Count lines holding the string "bateau" in the data that follows. Reply with one number only.

→ **Provided records**
==========
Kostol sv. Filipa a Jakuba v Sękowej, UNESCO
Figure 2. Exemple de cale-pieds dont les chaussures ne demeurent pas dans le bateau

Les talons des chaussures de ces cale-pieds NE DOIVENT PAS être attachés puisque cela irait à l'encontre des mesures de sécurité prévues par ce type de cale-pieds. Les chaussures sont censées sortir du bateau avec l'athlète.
==========
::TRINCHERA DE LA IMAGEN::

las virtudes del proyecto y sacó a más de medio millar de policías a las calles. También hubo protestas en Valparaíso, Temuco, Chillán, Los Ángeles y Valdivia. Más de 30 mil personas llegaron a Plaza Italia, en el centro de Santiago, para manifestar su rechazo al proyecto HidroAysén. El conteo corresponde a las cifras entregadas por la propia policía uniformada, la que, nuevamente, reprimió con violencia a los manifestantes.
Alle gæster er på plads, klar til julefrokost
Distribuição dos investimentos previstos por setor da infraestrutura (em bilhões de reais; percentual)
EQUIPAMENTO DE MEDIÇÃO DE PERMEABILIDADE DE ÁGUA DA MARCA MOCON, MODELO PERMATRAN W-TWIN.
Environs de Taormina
==========
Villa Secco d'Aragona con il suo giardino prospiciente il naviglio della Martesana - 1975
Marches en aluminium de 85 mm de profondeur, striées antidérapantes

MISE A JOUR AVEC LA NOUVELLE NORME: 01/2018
==========
→ **Response to the task**
2